DATA RECORDS Start Marker
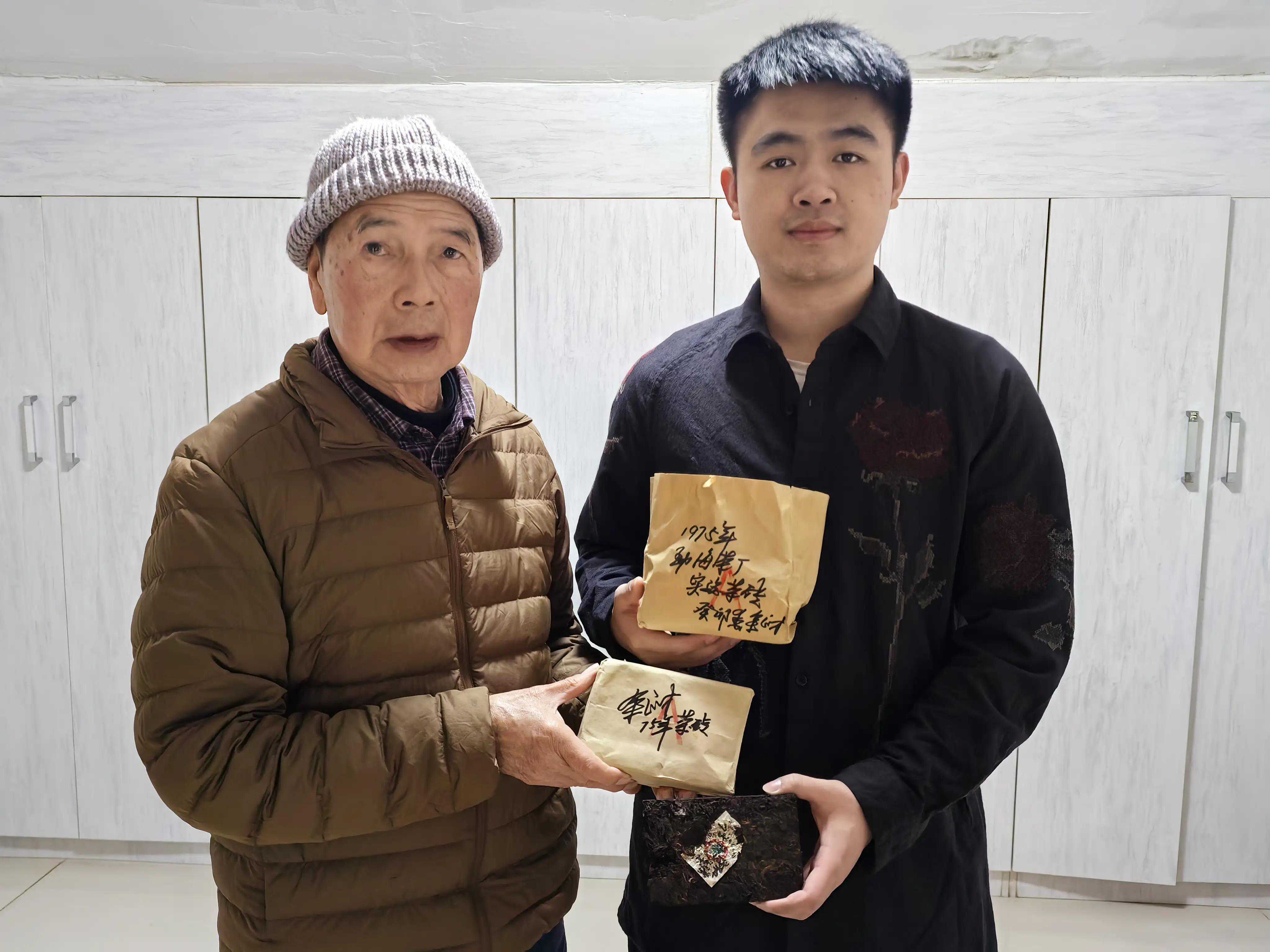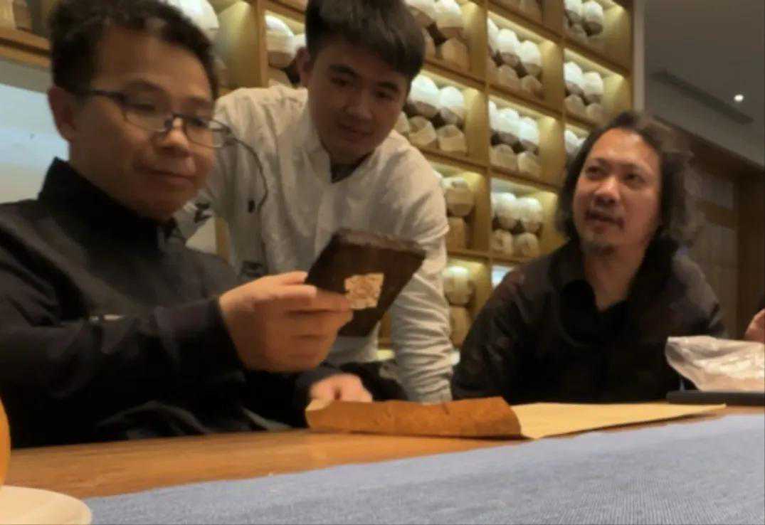 勐海茶厂现任掌门人曾新生厂长,2023年开春一起品签了2006年大益代表作/班章老熟茶,后又反复一起比较这款75年勐海茶厂实验老茶砖,品鉴3个钟后点赞合影留照。
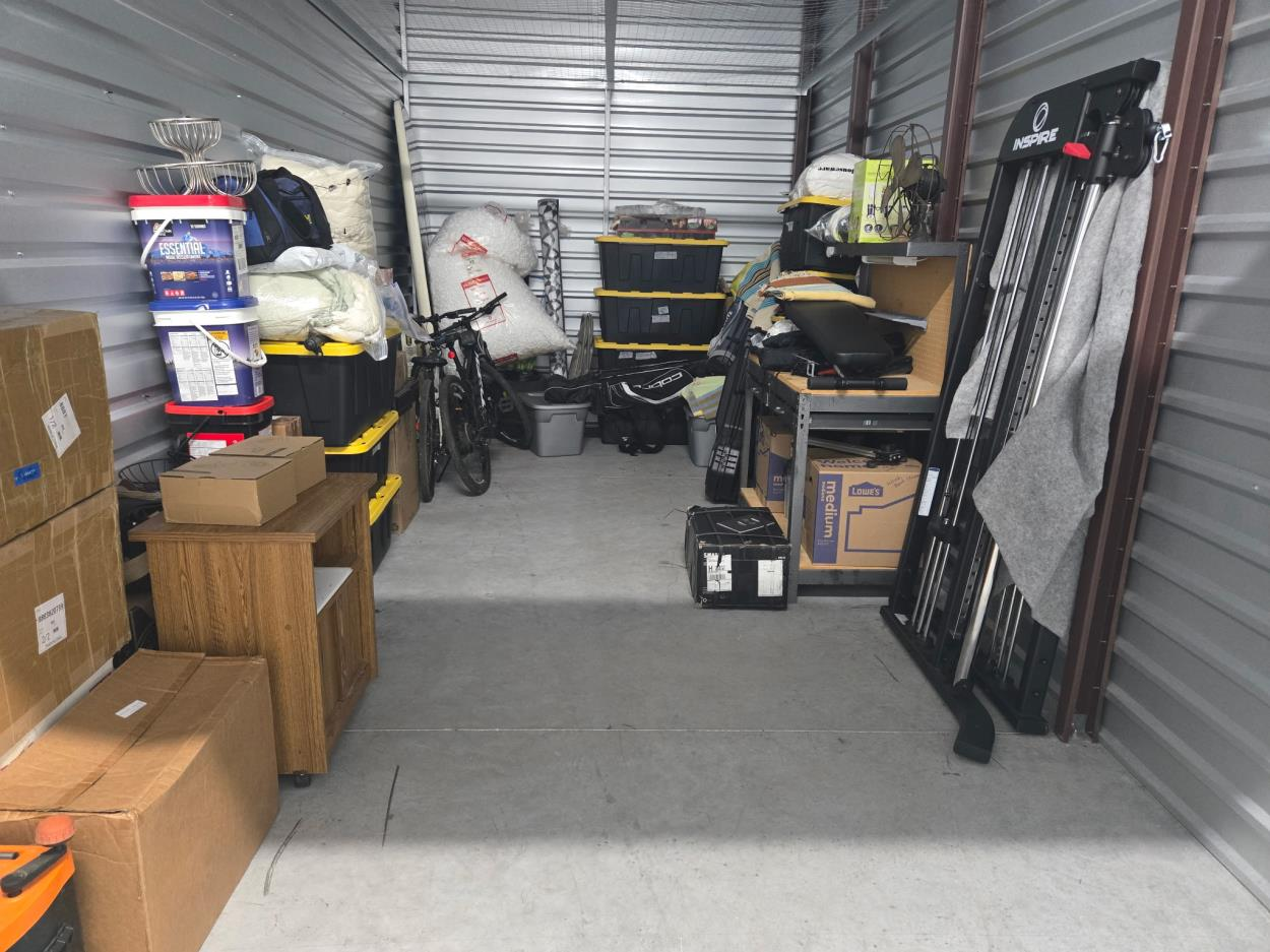 10x20 Storage unit almost 1/4 full, mostly empty. I moved everything in the unit with my 6x12 enclosed trailer. I will include photos this week. My wife and I unloaded everything from the trailer into the storage unit which is 3 spaces in from the door on the ground floor. It took us under an hour.
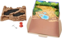 - Poseben pladenj s terenom, črn in rdeč kinetični pesek, mini orodja, 10 kosti za sestavo 3 okostij
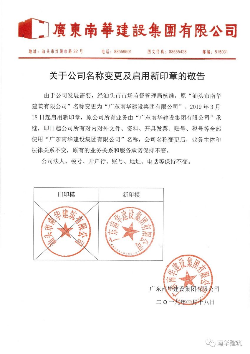 因公司名称变更给向长期关心和支持公司发展的各界人士及合作伙伴、朋友带来的不便,我们深表歉意!此次更名,标志着南华建设集团从资本、战略、规划等方面日趋成熟并步入集团化发展的新航程,对公司快速发展有重要意义。
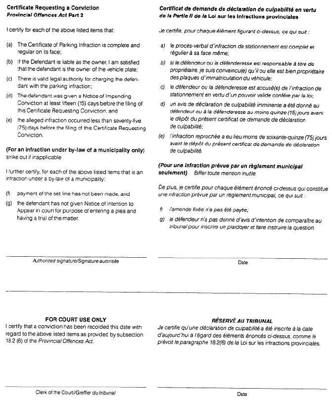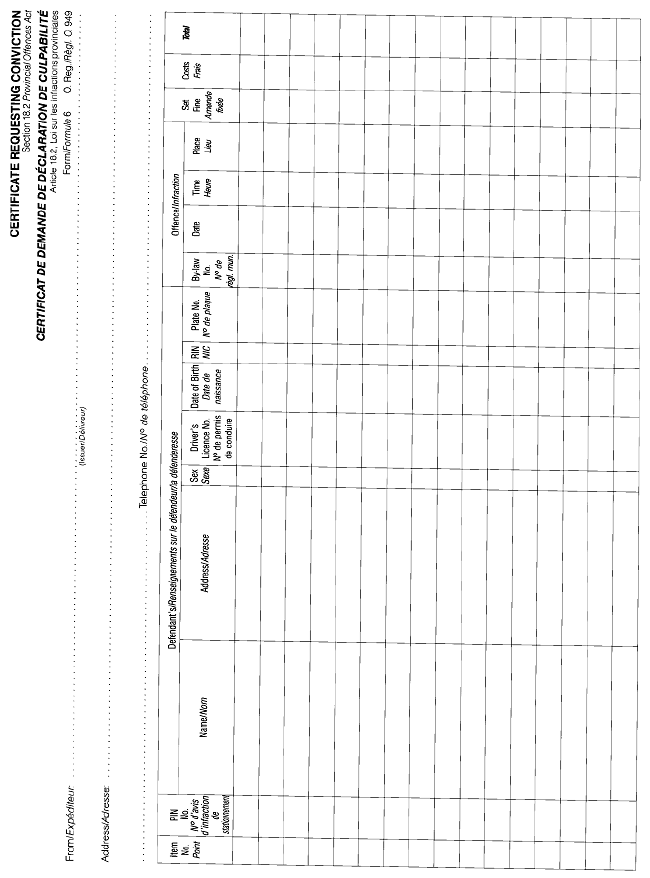 Certificate requesting conviction/certificat de demande de déclaration de culpabilité | |
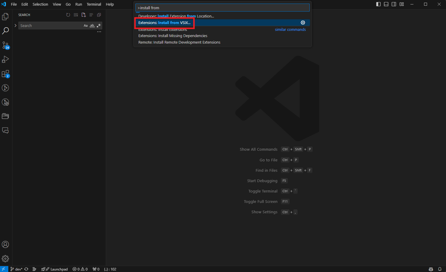 4. install from VSIX 검색해서 클릭하면 파일 탐색기가 나온다 :) 파일 선택해주기
DATA RECORDS End Marker
YOUR OBJECTIVE =
Keep the pictures out of your copy, and repeat every entry above exactly.

RESULT OF THE TASK =
 勐海茶厂现任掌门人曾新生厂长,2023年开春一起品签了2006年大益代表作/班章老熟茶,后又反复一起比较这款75年勐海茶厂实验老茶砖,品鉴3个钟后点赞合影留照。
 10x20 Storage unit almost 1/4 full, mostly empty. I moved everything in the unit with my 6x12 enclosed trailer. I will include photos this week. My wife and I unloaded everything from the trailer into the storage unit which is 3 spaces in from the door on the ground floor. It took us under an hour.
 - Poseben pladenj s terenom, črn in rdeč kinetični pesek, mini orodja, 10 kosti za sestavo 3 okostij
 因公司名称变更给向长期关心和支持公司发展的各界人士及合作伙伴、朋友带来的不便,我们深表歉意!此次更名,标志着南华建设集团从资本、战略、规划等方面日趋成熟并步入集团化发展的新航程,对公司快速发展有重要意义。
 Certificate requesting conviction/certificat de demande de déclaration de culpabilité | |
 4. install from VSIX 검색해서 클릭하면 파일 탐색기가 나온다 :) 파일 선택해주기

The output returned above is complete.